Erdogan recently has misjudged on every front. His acceptance of the S-400 missile defense system from Russia has infuriated the Americans and has led Washington to put the F-35 sale to Turkey on hold — in other words, to cancel it. He doesn’t seem to care that the Russians would be able, with their access to Turkish F-35s, to determine the weaknesses both of the F-35 and of the S-400 that the Russians designed specifically to defend against that plane. Other members of NATO, too, that have ordered the F-35, are angered that Erdogan chose to ignore the security problem arising from Russian knowledge of the effectiveness of the F-35 in evading S-400 missiles. He will not receive the F-35; what’s more, there are many articles now appearing in Europe and America urging that Turkey be booted out of NATO. It may come to pass.
Economically, Turkey has gone from bad to worse. The country now has a negative growth rate. Both aid to, and investment in, Turkey have been cut, a direct result of Erdogan’s disregard of international law in drilling for gas in Cyprus’s territorial waters. Even if the Turks were to discover a profitable field, they will be opposed every step of the way in their efforts to lift and transport such gas — in the first place, by the countries in the immediate neighborhood (the Republic of Cyprus, Greece, and Israel), and then by those many nations who have ratified the United Nations Convention on the Law of the Sea (UNCLOS), and wish it to be upheld.
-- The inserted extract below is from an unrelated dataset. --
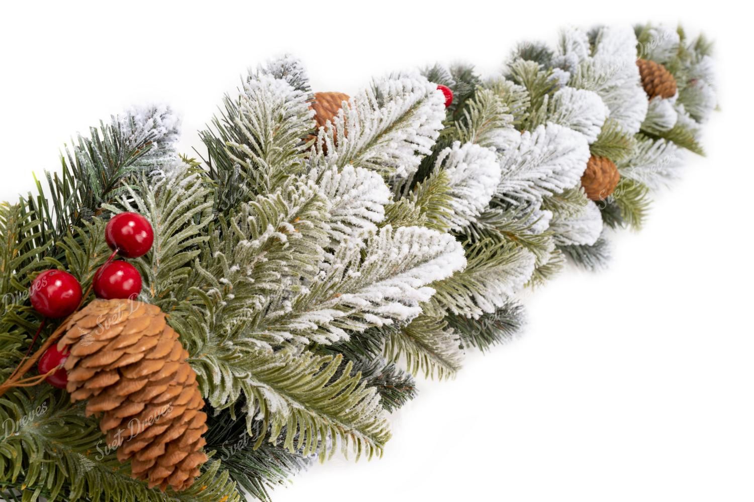 Okrasite svoj dom s čudovito tradicionalno girlando 3D zasneženo jelko, ki je nastala po navdihu našega istoimenskega božičnega drevesa. Celotna girlanda je v celoti sestavljena iz 3D vejic, ki so na koncih prekrite z umetnim snegom. 3D iglice dopolnjujejo tudi snežni storži in plodovi, kar daje girlandi čudovit tradicionalni videz.

Erdogan’s party, the AKP, recently lost elections in the three largest cities in Turkey — Istanbul, Ankara, and Izmir. It was a tremendous loss, made even more humiliating in Istanbul because that was where Erdogan got his start, and had his base, as mayor. His authoritarian ways, his lust for power and wealth (he can count his $58 million dollar fortune in the 1,100 room palace, or Ak Saray, that he has had built for himself), have been abundantly manifest in his arrogance in dealing with Turkey’s American ally, whether demanding that Fethulleh Gulen be extradited from Pennsylvania, or imprisoning Pastor Andrew Brunson on trumped-up charges in order to use him in a possible swap for Gulen, or ignoring Washington’s entreaty not to take delivery of the S-400.
Erdogan appears to be in a downward spiral, politically and economically, from which he is unlikely to extricate himself. He will not be sadly missed.